* _Exercise prompt_
Starting at the line that holds "Saint Laurent Tan" and stopping at the line that holds "湖北日?qǐng)?bào)網(wǎng)訊(全媒體記者 張愛虎 通訊員", restate the records below word for word, with both of those lines included.

* _Data to examine_
____________
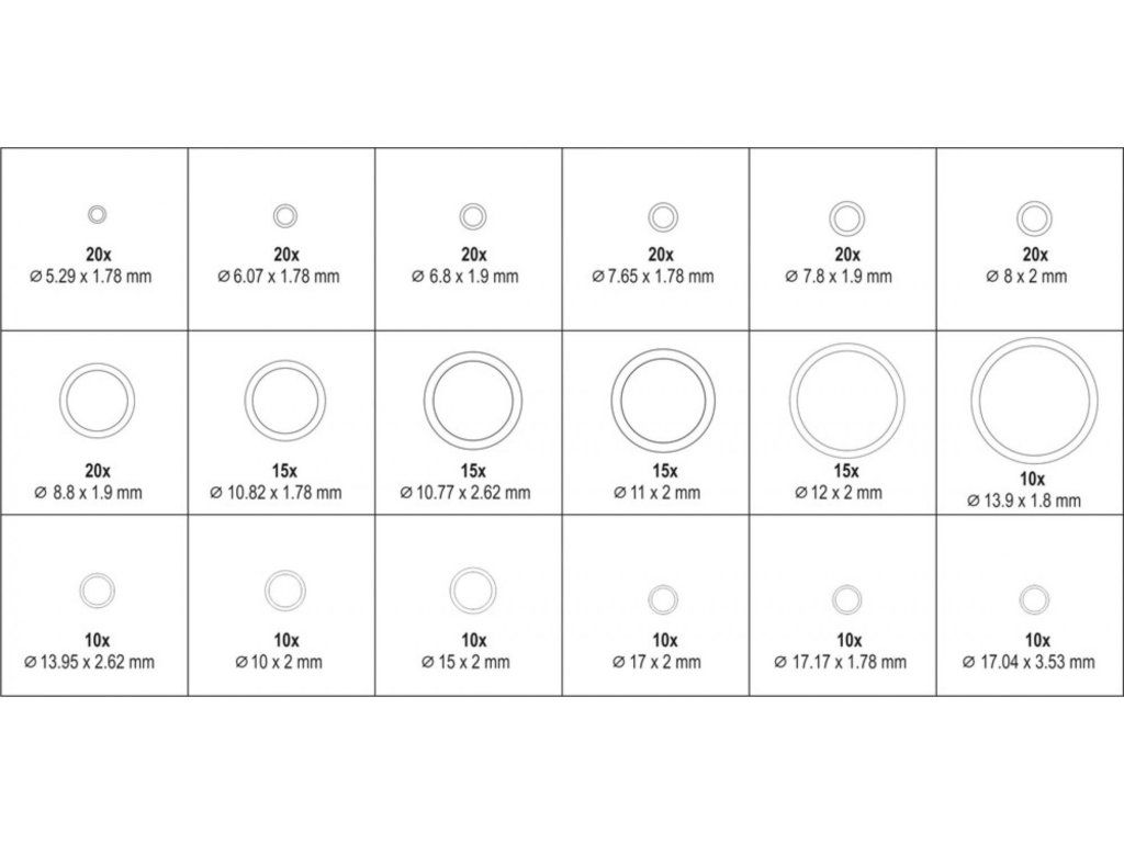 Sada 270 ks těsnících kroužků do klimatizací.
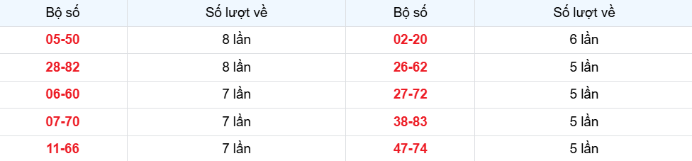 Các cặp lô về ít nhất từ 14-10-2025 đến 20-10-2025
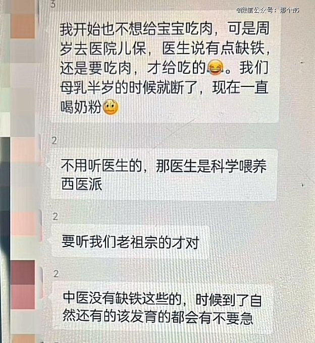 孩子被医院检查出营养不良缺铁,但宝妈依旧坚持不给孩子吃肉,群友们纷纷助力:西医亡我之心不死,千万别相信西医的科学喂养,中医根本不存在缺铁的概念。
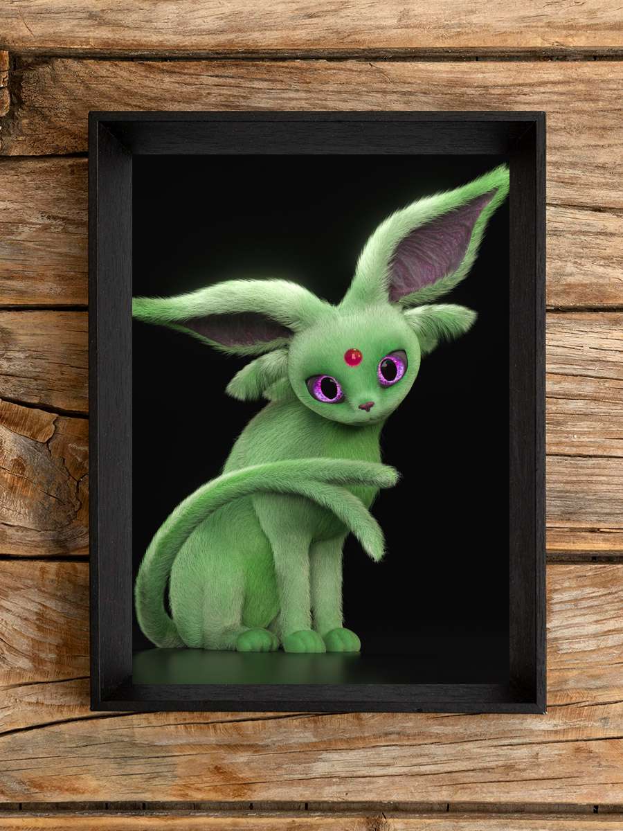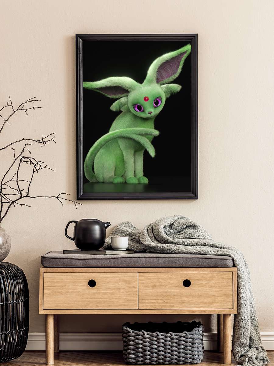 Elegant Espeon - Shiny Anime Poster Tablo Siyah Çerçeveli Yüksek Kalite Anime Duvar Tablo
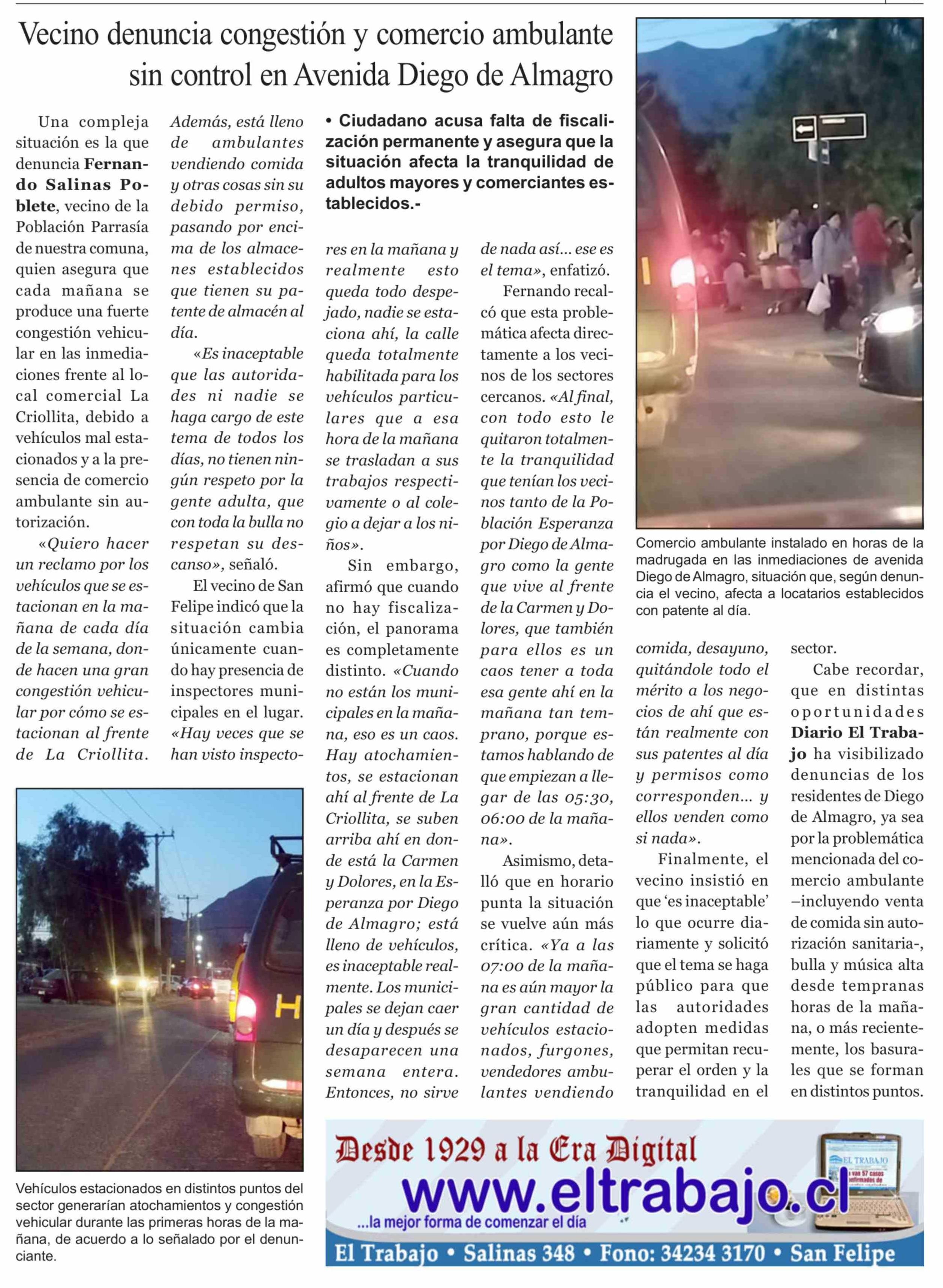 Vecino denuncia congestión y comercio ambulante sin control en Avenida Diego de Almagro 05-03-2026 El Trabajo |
____________
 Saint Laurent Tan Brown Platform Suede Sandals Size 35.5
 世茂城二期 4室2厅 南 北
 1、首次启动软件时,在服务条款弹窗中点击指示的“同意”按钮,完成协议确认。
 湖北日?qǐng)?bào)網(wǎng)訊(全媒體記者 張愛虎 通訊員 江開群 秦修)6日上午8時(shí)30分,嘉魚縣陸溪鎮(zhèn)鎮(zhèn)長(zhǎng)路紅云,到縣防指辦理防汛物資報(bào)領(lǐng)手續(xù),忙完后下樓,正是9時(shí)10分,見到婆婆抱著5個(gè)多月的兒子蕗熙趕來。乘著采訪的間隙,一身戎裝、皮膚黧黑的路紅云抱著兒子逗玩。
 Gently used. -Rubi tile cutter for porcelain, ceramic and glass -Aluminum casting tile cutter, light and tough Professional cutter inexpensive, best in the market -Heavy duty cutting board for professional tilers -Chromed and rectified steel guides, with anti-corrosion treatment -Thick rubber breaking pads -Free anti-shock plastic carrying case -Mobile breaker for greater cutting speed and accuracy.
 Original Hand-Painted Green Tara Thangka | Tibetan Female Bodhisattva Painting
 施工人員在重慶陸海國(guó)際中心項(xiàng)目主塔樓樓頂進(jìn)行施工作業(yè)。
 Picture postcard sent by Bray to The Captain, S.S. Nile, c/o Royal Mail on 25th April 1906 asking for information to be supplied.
____________
* _Answer to this problem_
 Saint Laurent Tan Brown Platform Suede Sandals Size 35.5
 世茂城二期 4室2厅 南 北
 1、首次启动软件时,在服务条款弹窗中点击指示的“同意”按钮,完成协议确认。
 湖北日?qǐng)?bào)網(wǎng)訊(全媒體記者 張愛虎 通訊員 江開群 秦修)6日上午8時(shí)30分,嘉魚縣陸溪鎮(zhèn)鎮(zhèn)長(zhǎng)路紅云,到縣防指辦理防汛物資報(bào)領(lǐng)手續(xù),忙完后下樓,正是9時(shí)10分,見到婆婆抱著5個(gè)多月的兒子蕗熙趕來。乘著采訪的間隙,一身戎裝、皮膚黧黑的路紅云抱著兒子逗玩。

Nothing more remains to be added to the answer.